The cash markets (Sensex and Nifty) registered a decline of 2.2 per cent and 1.1 per cent respectively during the week. The weakness in the market has been partly due to pressure from the sliding rupee.
Apart from this, the cash markets are also feeling a little jittery on account of the expected performance of some key sectors such as automobiles. Over the week, the August maturities on the Sensex and the Nifty lost around 1.4 per cent and 1.5 per cent respectively.
The National Stock Exchange has announced that it has waived transaction fees for all trades in the futures markets till December 31, 2000. This may help in improving interest in the Nifty contracts since the no-arbitrage range after accounting for transaction costs is likely to be narrower.
Trading statistics: Trading statistics for the week indicates that activity in the market was subdued as compared to some of the previous weeks. Overall, volumes in the market have fallen on a week-on-week basis. Total volumes in the Sensex contracts for the week stood at 1,071 contracts as against 2,185 contracts the week before.
The fall in volumes can be attributed to the lack of interest in the long-term maturities where volumes have shrunk. The near term, August maturity contract continued to show active trading interest with around 1,022 contracts traded on the Sensex and 756 contracts on the Nifty.
Nifty August: Trading interest in the Nifty August maturity continued to be on the higher end. The contracts were trading close to their fair value. The implied cost of carry based on Friday's close works out to around 10 per cent. The low spread between the risk free rate and the implied cost of carry implied that there is very little scope for arbitrage. Volatility over the week reduced drastically from 2.4 per cent to around 0.5 per cent. Investors can avoid taking fresh positions at current valuations.
Nifty September/October: Activity in the September and October maturities have been on the lower end. Volumes during the week dropped to around 72 contracts (both inclusive) as compared to 442 contracts traded last week.

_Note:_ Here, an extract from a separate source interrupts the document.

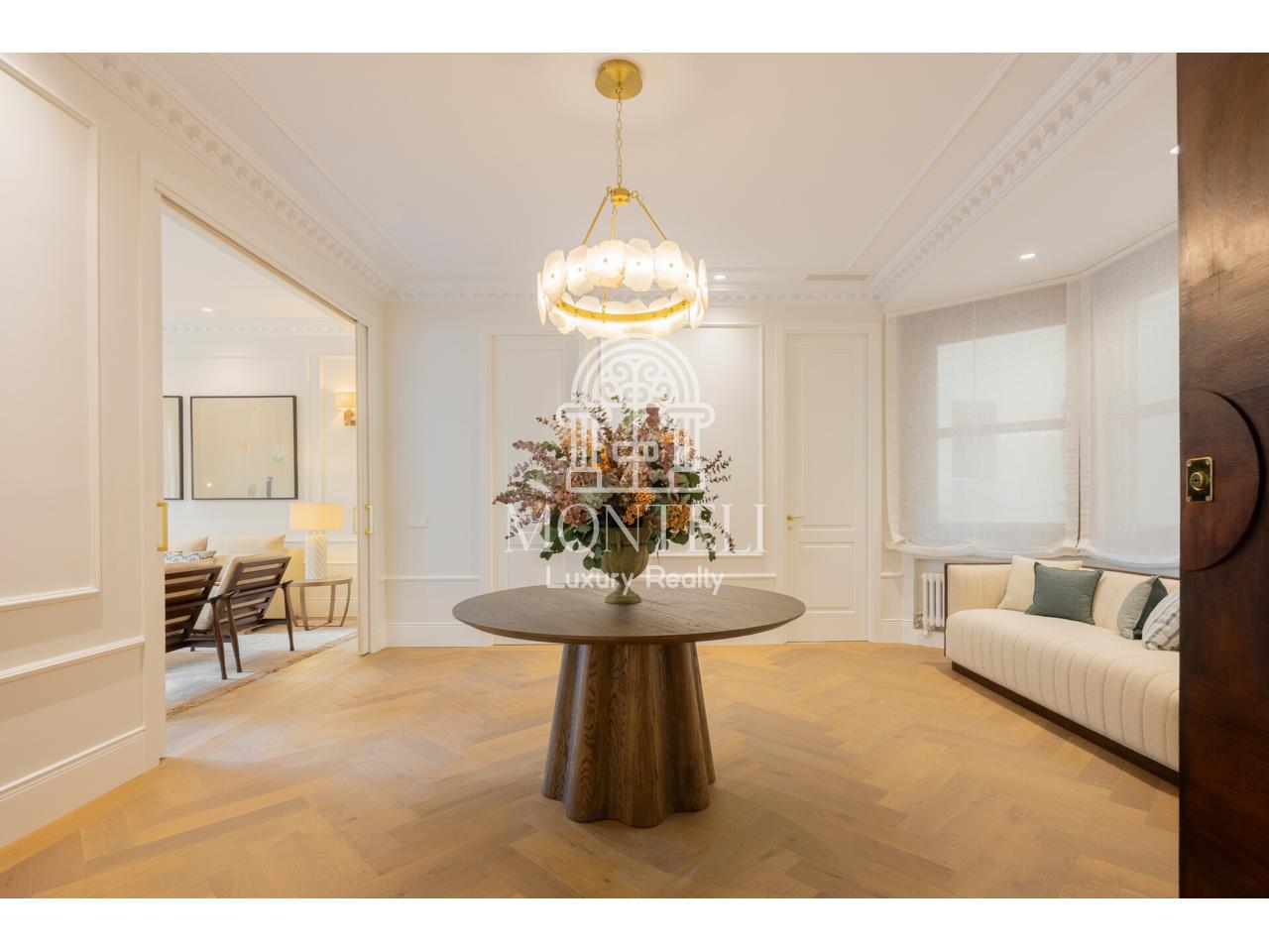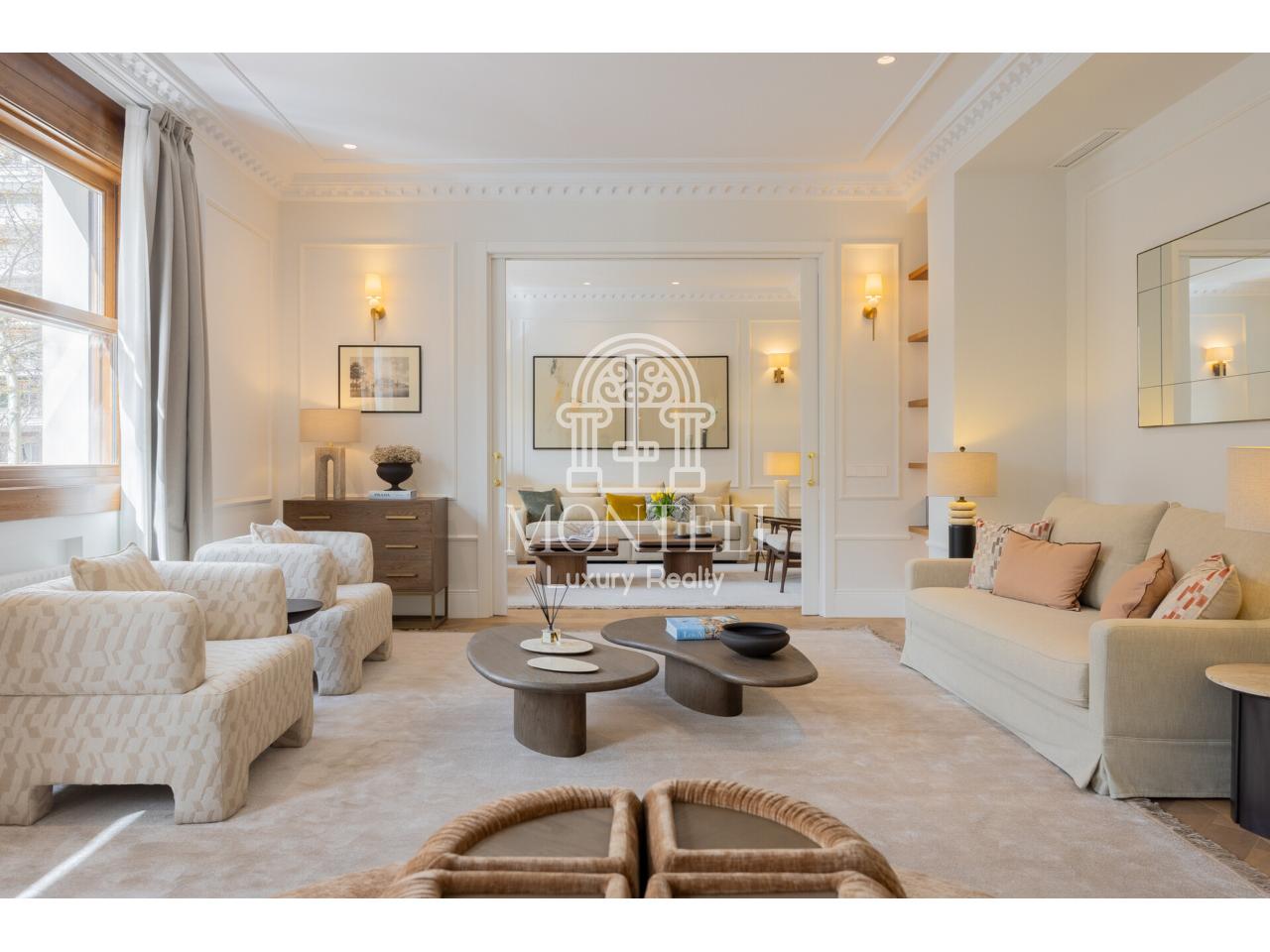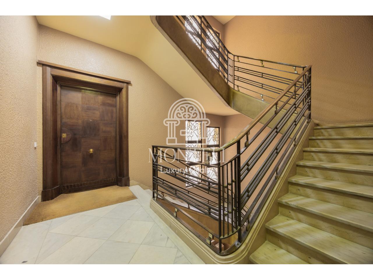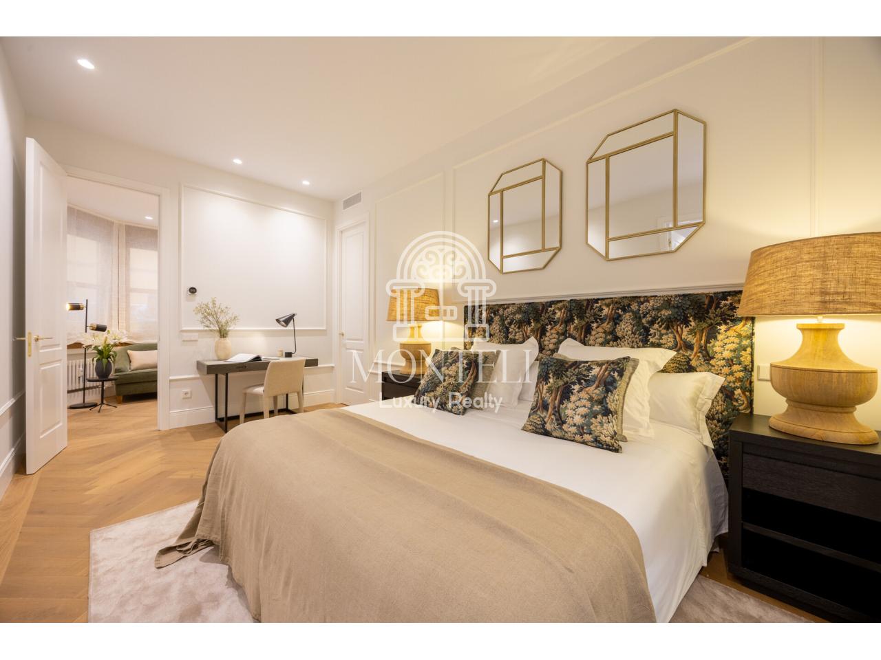 Ubicado en una primera planta con altura de segundo, el piso disfruta de unas espectaculares vistas abiertas a la Embajada de Italia, aportando una extraordinaria sensación de amplitud, luz y privacidad. Integralmente reformado de diseño, cuenta con 451 metros cuadrados distribuidos en tres elegantes zonas de salones, un amplio comedor, cocina semi-integrada y cuatro dormitorios en suite, destacando el principal con dos vestidores y dos baños.

Investors seem to be wary of taking exposures given that the maturities are a long way off. The implied cost of carry on the September contract works out to around 16 per cent. Though the valuation is at a significant spread over the risk free rate, post-transaction costs, institutional investors may have a small window of opportunity. Investors with a penchant for risk can consider a short position in the contract at present levels. Activity in the October contracts was virtually absent. Given the lack of liquidity, the contract can be avoided for the time being.
Sensex August: Trading in the Sensex August contract was more in line with the cash market. Valuations in the Sensex contract indicate an opportunity for arbitrage. The implied cost of carry based on Friday's close works out to around 13 per cent. The spread in terms of index points between the actual futures price and the cash index works out to around 40 points. Investors can consider selling the contract short at present levels.
Sensex September/October: The trends in the longer term maturities have reverted back to their past with volumes falling drastically. Total traded volumes during the week worked out to around 49 contracts (both inclusive) as compared to 905 contracts in the previous week. The cost of carry on the two-month contract works out to around 7 per cent. The October contract was not traded throughout the week. Investors need not consider taking fresh positions in both the September and October maturities.